Italian policemen disperse around 200 migrants who were staging a sit-in at the border between Italy and France in the city of Ventimiglia, Italy, on June 13, 2015. The Italian police, wearing riot gear, tried to push the migrants back towards the town of Ventimiglia, five kilometres (three miles) from …

French economist Jacques Sapir has said that immigration is becoming increasingly costly to the French government’s budget, despite some positive effects on economic growth.

Sapir, one of France’s foremost economists, says that while immigration “mechanically stimulates consumption and investment,” it is having an increasingly negative effect on France’s budget and tax system.

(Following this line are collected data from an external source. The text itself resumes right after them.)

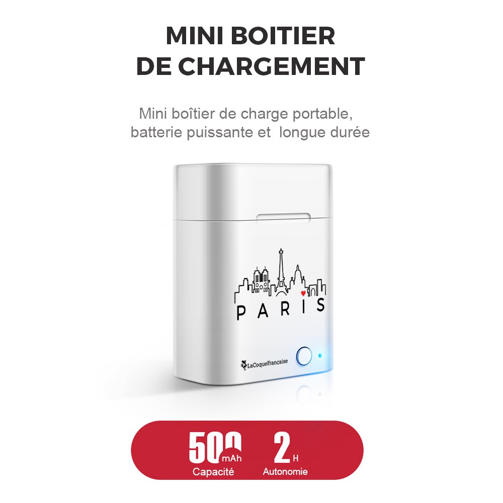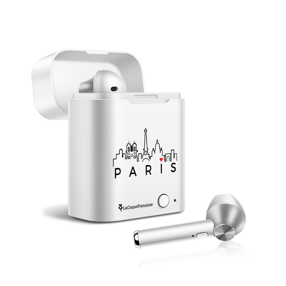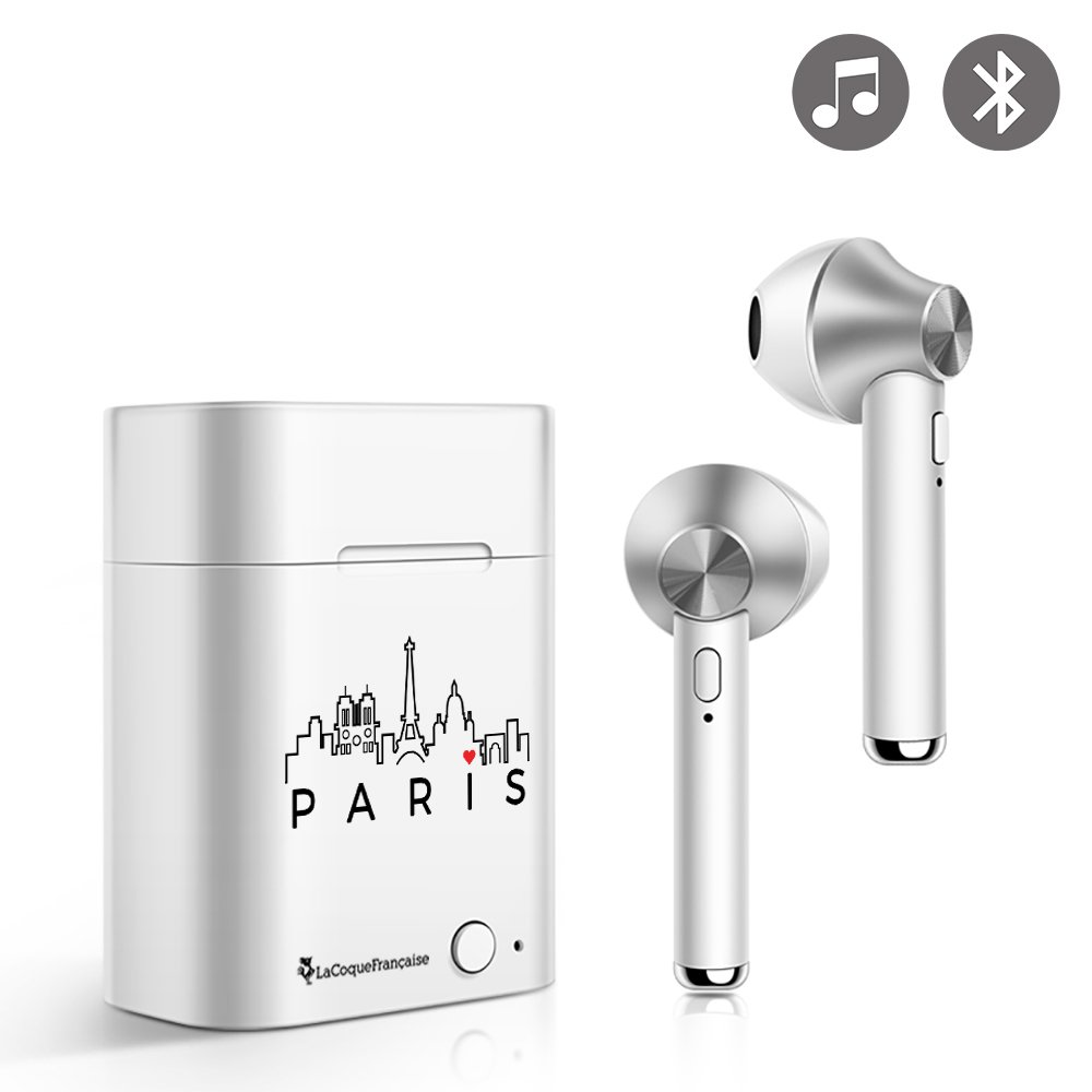 • Ecouteurs Sans Fil Bluetooth Argent argent Skyline Paris Ecriture Tendance et Design La Coque Francaise.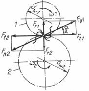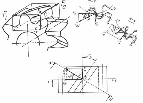Fig.2.Fortele din angrenajul cilindric cu dantura inclinata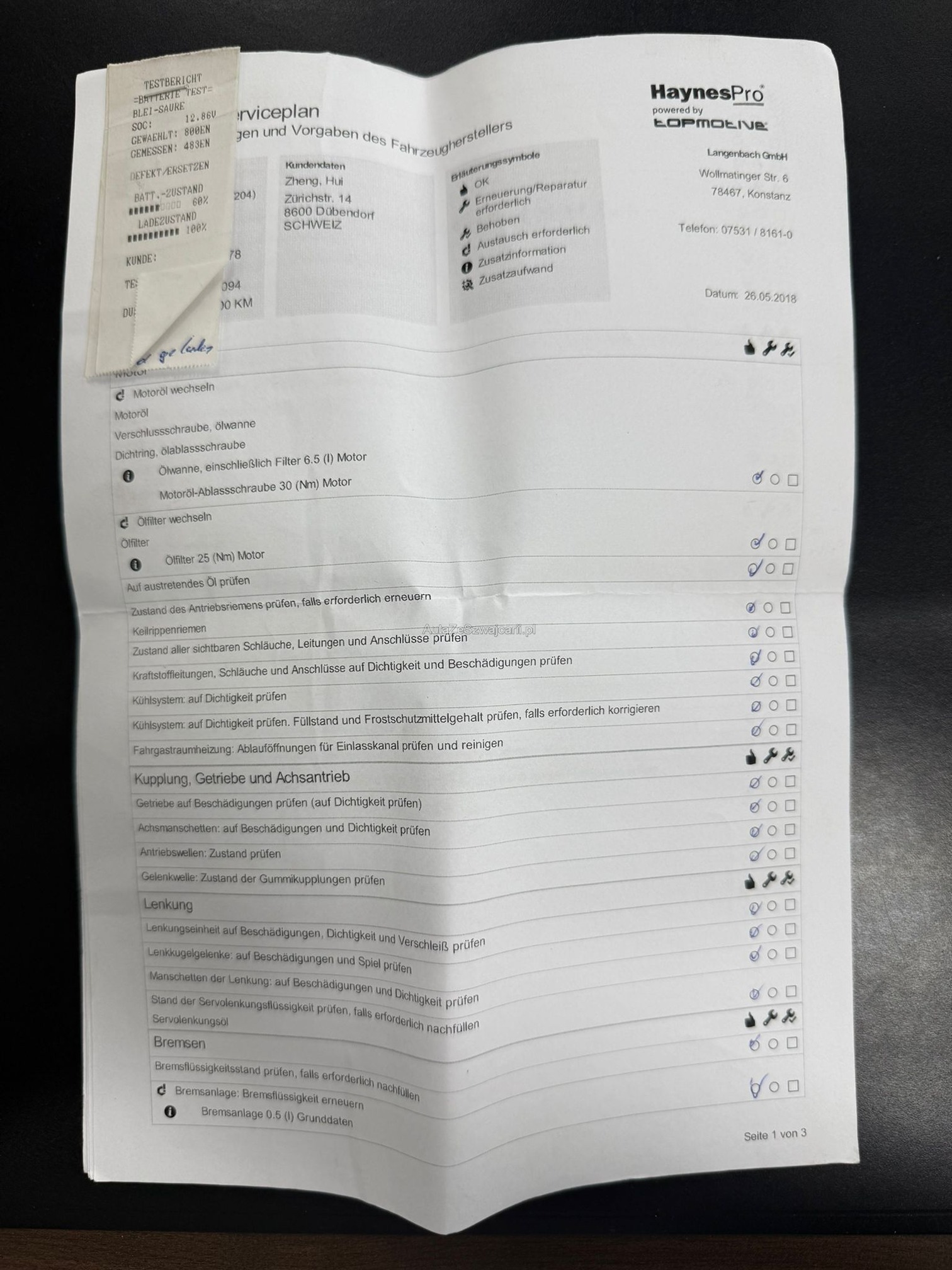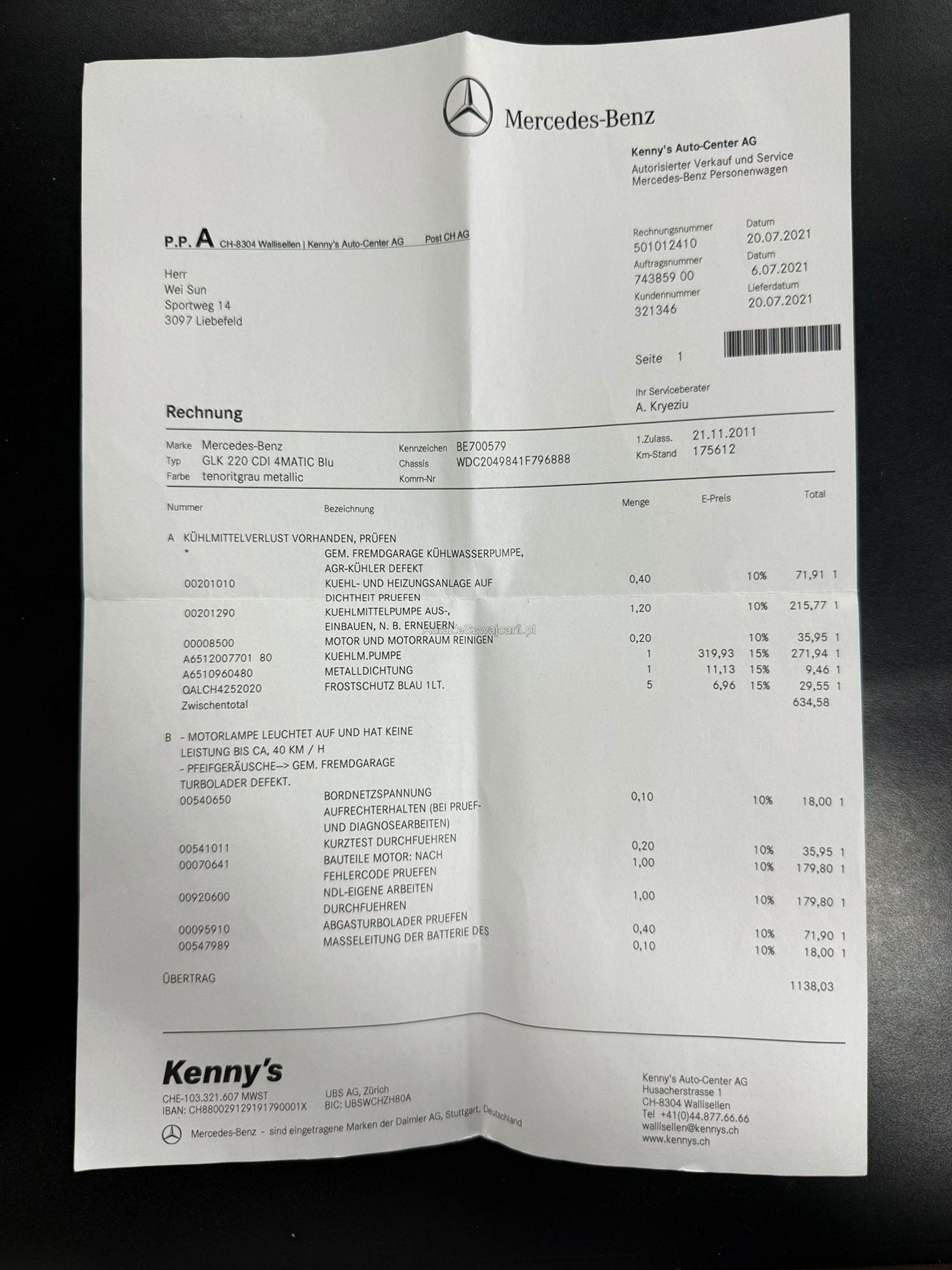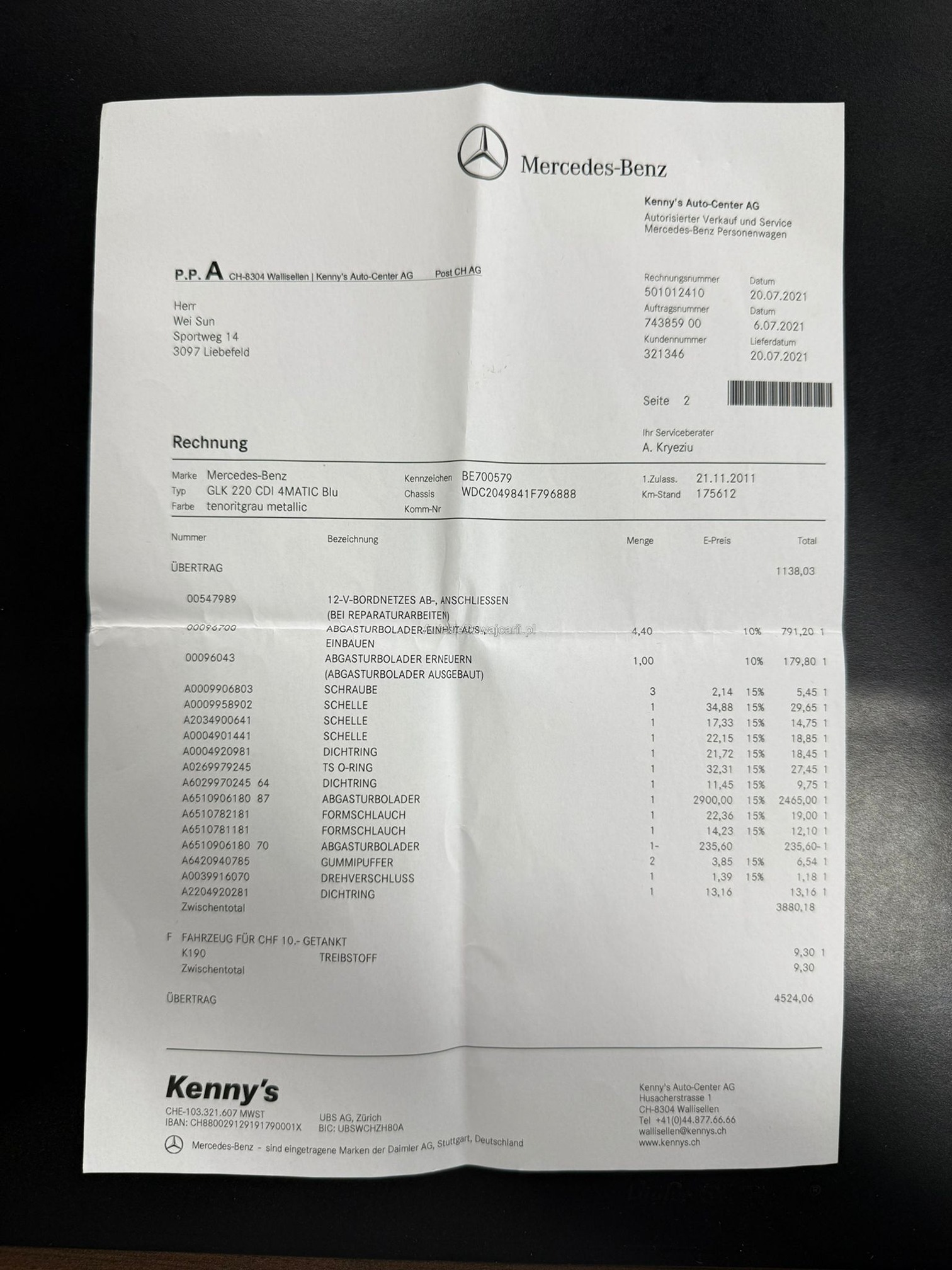 | Kommentar | Verkauf erfolgt ab Platz und ohne Garantie, insbesondere Wandelung und Minderung ausgeschlossen! Bei diesem Fahrzeug haben wir keinen Eintauschtest durchgeführt! DPF i.O. Automat und Motor funktionieren einwandfrei, bei der kurzen Probefahrt ist uns nichts aufgefallen. Beim fahren hört man ein Poltergeräusch von hinten evtl. Stossdämpfer. Service fällig, Carrosserie und Lack gemäss Bilder rundum beschädigt und verkratzt. |

In an article written for the magazine Marianne, Sapir notes that France, in particular, has favoured chain migration — or “family reunification” — over work-focused immigration since the 1990s.

Sapir cites an Organisation for Economic Co-operation and Development (OECD) study that claims immigration costs the French state 0.52 per cent of GDP per year.

“If we attempt an overall assessment, including the various omissions of the various studies, we arrive at levels that are close to -0.7 per cent/-0.8 per cent of GDP per year,” Sapir writes.

“Finally, it should be pointed out that some populations, because of their low level of education and their poor command of the French language, have a higher individual cost than others,” he added.

According to the economist, there is also a trend of downward pressure on wages due to illegal employment: “Local studies in sectors where employment is important (especially catering) show that there is indeed a downward trend in wages.”

Sapir’s comments come a year after a French parliamentary report determined that mass migration had been net neutral for the French economy, rather than a positive boost as its advocates claim.

Pierre-Henri Dumont, one of the authors of the report, also championed a change in focus on immigration from family-orientated migration to work-orientated migration.

“The impact of immigration on public finances is a little more negative in France than on average in the OECD, in particular, due to the low employment rate of immigrants and the redistributive scope of the French socio-fiscal system for the benefit of low-income households, among which there are many immigrants,” the report stated.

Other countries in Europe have also seen economic difficulties as a side effect of mass migration, such as Sweden where several municipalities which took in large shares of migrants since the 2015 migrant crisis have complained of strained budgets and strained social services.

A report from November of 2019 revealed that eight out of ten municipalities were forced to examine serious cuts to local services due to both changing demographics and the costs of newly arrived migrants.